145037.fb2
Не было времени перекреститься - я просто вслух подумал про себя: "Господи, помилуй грешного раба Твоего!" Просто открыл глаза и всерьез захотел увидеть, как свистящая железная тарелка разорвется в воздухе пыльной вонючей гнилью и болезненно рухнет в траву, ломая свои остро заточенные крылья...
И я не удивился, когда все получилось именно так. Даже показалось, будто я сам нарисовал в воздухе красочный, изящный эскиз грядущего мгновения - того самого мгновения, когда стальная птица, дернувшись вбок и вниз, глухо содрогнулась и - вяло, уже на излете, ударила мне в грудь слабым бесформенным комком ржавой жести... Медленно оползла, царапая колени переломанными перьями, в затихшую росистую траву под забором. Отвратительная тварь... железный ворон.
Вот тут-то я по-настоящему перекрестился - вдумчиво и благодарно. И почувствовал, что стало теплее и чище вокруг - может быть, потому, что рассеялся дым...
- Вперед, ребята, - на приступ! - устало прокричал я дружинникам, попрятавшимся в траве. Теперь бояться нечего: магии больше не будет. Отбросив ногою железного ворона - прочь! - я не спеша пошел к терему, вытягивая меч из ножен.
Меня обогнал кто-то из "боевых жаб" - эти головорезы не забыли об обещанной гривне. Перепрыгивая через поверженные деревья, Славкин боевик проворно добежал до терема, тяжело и шумно перекатился под самое крыльцо, замер на миг... Покосился на меня, облизал зачем-то губы - и, перебросив в правую руку топор, прыгнул вверх, через ступени, в темный провал двери. В тот же миг послышался короткий вскрик, хруст стали, пропарывающей кольчугу... В дверном проеме мелькнула узкая тень отлетевшего в сторону топора, и - "жаб" спиной вперед вылетел из терема: кубарем прогрохотал по ступеням и, сдержанно подвывая, пополз в сторону, оставляя в пыли темный дымящийся след. Судя по всему, колдун оказался неплохим воином - теперь он встретил противника не волхвованием, а хорошим ударом меча.

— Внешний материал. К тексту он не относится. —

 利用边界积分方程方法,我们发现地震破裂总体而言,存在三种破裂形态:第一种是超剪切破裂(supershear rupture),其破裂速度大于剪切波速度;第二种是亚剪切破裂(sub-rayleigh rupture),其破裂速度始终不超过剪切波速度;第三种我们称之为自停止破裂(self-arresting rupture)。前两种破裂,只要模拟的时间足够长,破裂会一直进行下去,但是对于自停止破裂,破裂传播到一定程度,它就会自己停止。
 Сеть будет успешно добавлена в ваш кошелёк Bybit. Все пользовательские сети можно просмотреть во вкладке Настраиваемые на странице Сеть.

Что ж, настала моя очередь: я вплотную приблизился к крыльцу... После железного ворона уже ничего не страшно. Стиснув рукоять и выставив вперед узкий клинок, шагнул вперед - и увидел колдуна. Он появился на пороге: что-то крупное и рукастое, в клочьях ржавой кольчуги. В цепких лапах огромный двуручный меч, уже направленный мне в грудь закругленным тяжелым концом. Я поначалу не узнал его из-за кольчужного капюшона, наброшенного на голову и скрывавшего верхнюю часть лица. Только ясные глаза светятся сквозь переплетение крупных железных колец.

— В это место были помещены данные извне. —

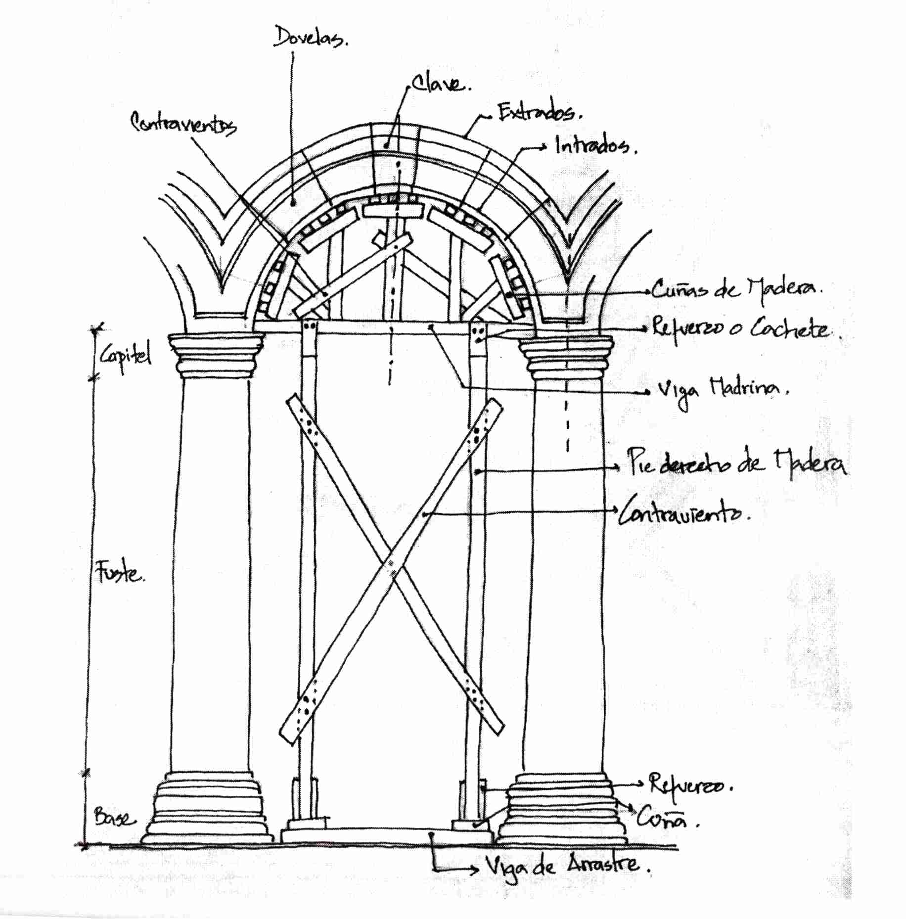 Siguiendo la generatriz del arco o de la bóveda, se colocan arrastres segmentados, empacando con pedazos de madera los huecos entre el arrastre y el intradós; estos arrastres a su vez son recibidos por tornapuntas dispuestos de modo que no provoquen empujes, los que a su vez descansan en un arrastre horizontal, el cual es recibido por pies derechos debidamente contraventeados que transmiten al piso las concentraciones a través de un arrastre horizontal.

"Колдун" остановился в дверях - и осторожно опустил долу свой меч. Устало прислонился к дверному косяку и левой рукой стащил с головы кольчужный капюшон... спутанные железно-желтые волосы смешно растрепались на ветру.
- Ты уж извини меня, Алеша... - В голосе Данилы Каширина блеснула ирония. - Кажется, я поранил кого-то из твоих друзей?..
ДНЕВНИК ДАНИЛЫ,
богатыря Казарина, избранного из воинов,
и повелителя железного врана
(продолжение)
IX
Как из того ли города Мурава
Не ясен сокол вылетывал.
Не белый кречет выпархивал.
Выезжал удача добрый молодец.
Богатырь Данило Казарин сын Денисьевич.
"Сказание о богатыре Даниле Казарине"
Колокольчик в твоих волосах
Звучит соль-диезом.
"Чиж & СВ?"
16 июня, ок. 23:00
Вот уже несколько часов Данила ехал верхом. Темная кобыла убитого Данэила шла ленивым шагом, осторожно обходя деревья на редколесье - сзади плелся освобожденный от поклажи Волчик. Спать Даниле не хотелось вовсе, и он не удивлялся этому: разве во сне может клонить ко сну? Он просто расслабился в седле, перестал напряженно вертеть мордой по сторонам и вздрагивать от каждого лесного шороха. Он думал о том, что к утру, скорее всего, доберется до Малкова Починка - и встретится еще с пятерыми воинами коганого подполья. Даниилу надлежало явиться в Починок не позднее полудня завтрашнего дня и спросить некоего Свища. Этот Свищ, по словам пьяного Жереха, был руководителем операции по обезвреживанию Колокира и перехвату императорских статей, перевозимых царьградскими беглецами на Русь...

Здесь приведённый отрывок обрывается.